Some ret overhead and call stack depth can be reduced by eliminating tail recursion. Ordering subroutines such that they follow a tail recursion allows you to eliminate tail jumps as well. The opportunities for tail call optimisation might be improved by reversing the input before compression.
About the percentages, note that my input data contains ample repetition, while program code already has repetitions removed by the programmer as subroutines, plus repeats that conditionally branch or unbalance the call stack must be split or rejected. Nevertheless I think typical code still contains repetitions in a bunch of places.
p.s. Given a program execution trace, suffix trees can also be used to identify hot code paths.
Hi optimizers!
back in July I hinted in one reply of this thread about GNU binutils for z80 being usable.
So, as an exercise, I ported wonderful (SCC sound driver powered) cobinee's LR
to GNU assembly for z80.
Here a .zip of the ported program worked out in a Lubuntu laptop with GNU binutils 2.35 .
I know I went out of time and this trail is cold now. But better late than ever. :P
oh, interesting! other than the assembler, which gnu tools do support z80? can you use gprof or gdb with z80 binaries? (and if you do, do you run it directly on MSX or on the Linux/Mac/Windows side?)
@santiontanon : GNU as cross assembler for z80 does not support compiling with `-pg`, and gprof cross profiler should have a way for pushing data from target to host, such a semihosting mechanism. So it is not enabled yet.
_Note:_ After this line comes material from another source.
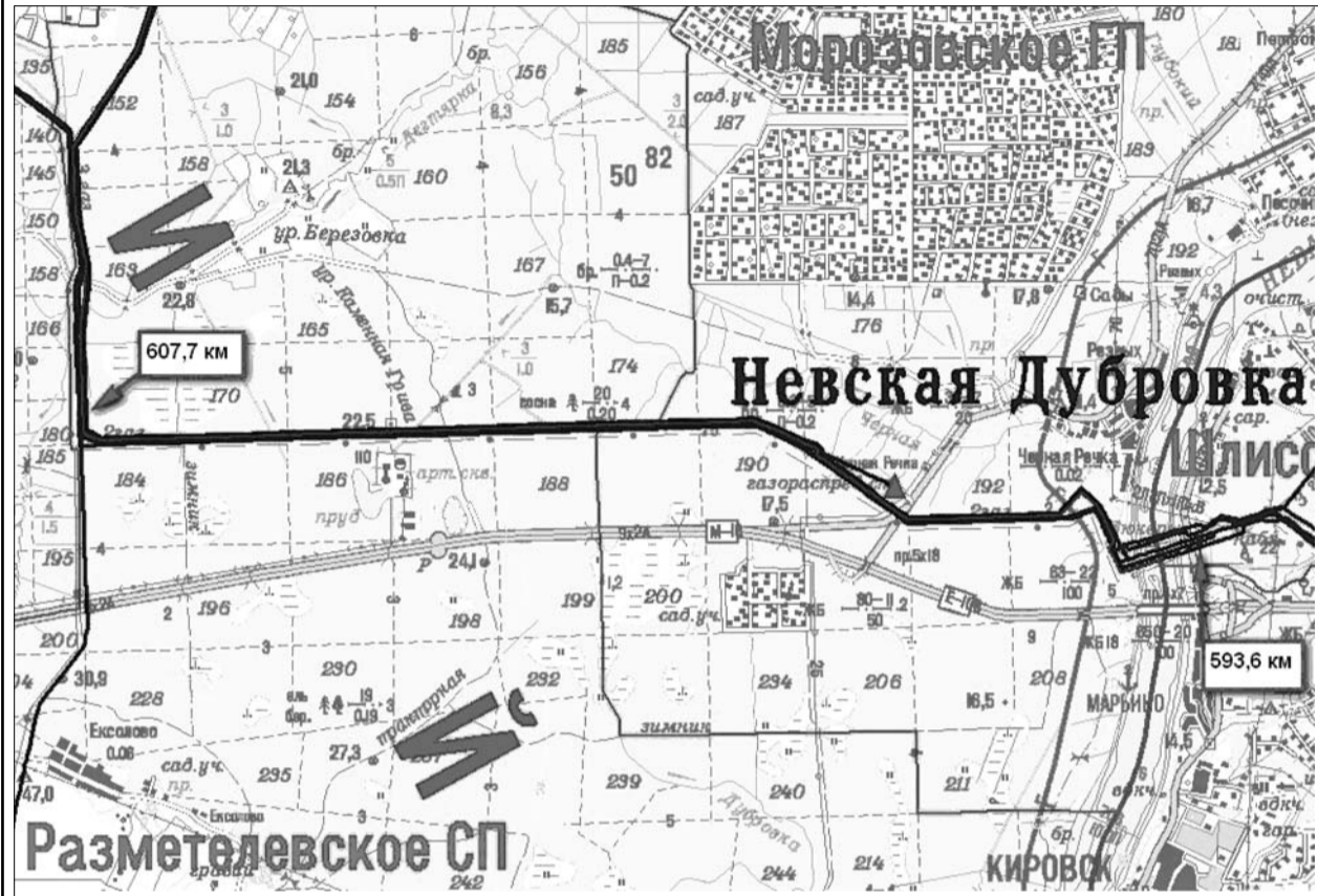
Просим всех землепользователей, по земельным участкам которых проходит трасса существующего магистрального газопровода «Грязовец – Ленинград 1 н» 593,6 – 607,7 км во Всеволожском р-не Ленинградской области, обращаться по адресу: 196128, г. Санкт-Петербург, ул. Варшавская, д. 3

В целях осуществления мероприятий, направленных на предупреждение потенциальных аварий и катастроф, ликвидацию их последствий на объектах Единой системы газоснабжения, ООО «Газпром трансгаз Санкт-Петербург» уведомляет землепользователей (землевладельцев) о временном занятии земельных участков, для проведения капитального ремонта МГ «Грязовец – Ленинград» 1 н с 593,6 км по 607,7 км в районе н.п. Чёрная Речка Морозовского г.п. Всеволожского района. ООО «Газпром трансгаз Санкт-Петербург» гарантирует возмещение убытков землепользователям (землевладельцам) при условии предоставления правоустанавливающих документов на земельные участки, подлежащие временному занятию.

gdb for z80 is not usable yet, Sergey Belyashov a.k.a. b-s-a is actively contributing among other volunteers.
Ciao,
Giacomo
Old numbers without repeats-in-repeats on the left (slightly updated), and numbers that also include compressing repeats inside repeats on the right.
Track Original Compressed Reduction Compressed Reduction 01 132 68 48% 58 56% 02 657 456 31% 318 52% 03 286 195 32% 140 51% 04 2052 1335 35% 935 54% 05 1863 910 51% 514 72% 06 486 317 35% 226 53% 07 413 241 42% 95 77% 08 1817 1072 41% 484 73% 09 763 495 35% 364 52% 10 2130 1190 44% 519 76% 11 2742 1676 39% 1085 60% 12 1214 695 43% 319 74% 13 3449 2116 39% 1247 64% 14 392 282 28% 230 41% 15 2269 1578 30% 1221 46% 16 831 456 45% 126 85% 17 304 198 35% 175 42% 18 653 476 27% 366 44% 19 3782 2069 45% 742 80% 20 519 382 26% 328 37% 21 1722 1250 27% 1024 41% 22 473 325 31% 245 48% 23 209 157 25% 120 43% 24 890 461 48% 166 81% 25 272 216 21% 188 31% 26 80 64 20% 58 27% 27 170 100 41% 90 47% Total 30570 18780 39% 11383 63%
Note:
- The sizes are expressed as nr. of commands
- Call / return command overhead for repeats is not counted
So this matches my earlier prediction of “an equal additional size reduction”.
When I zip the original files it also gives a 63% size reduction (from 60k to 22k). So on the surface the compression is comparable. But of course I didn’t count the cost of the call / return commands, and zip also applies Huffman compression to further reduce the size. Still I think it’ll get pretty close and be a good compression.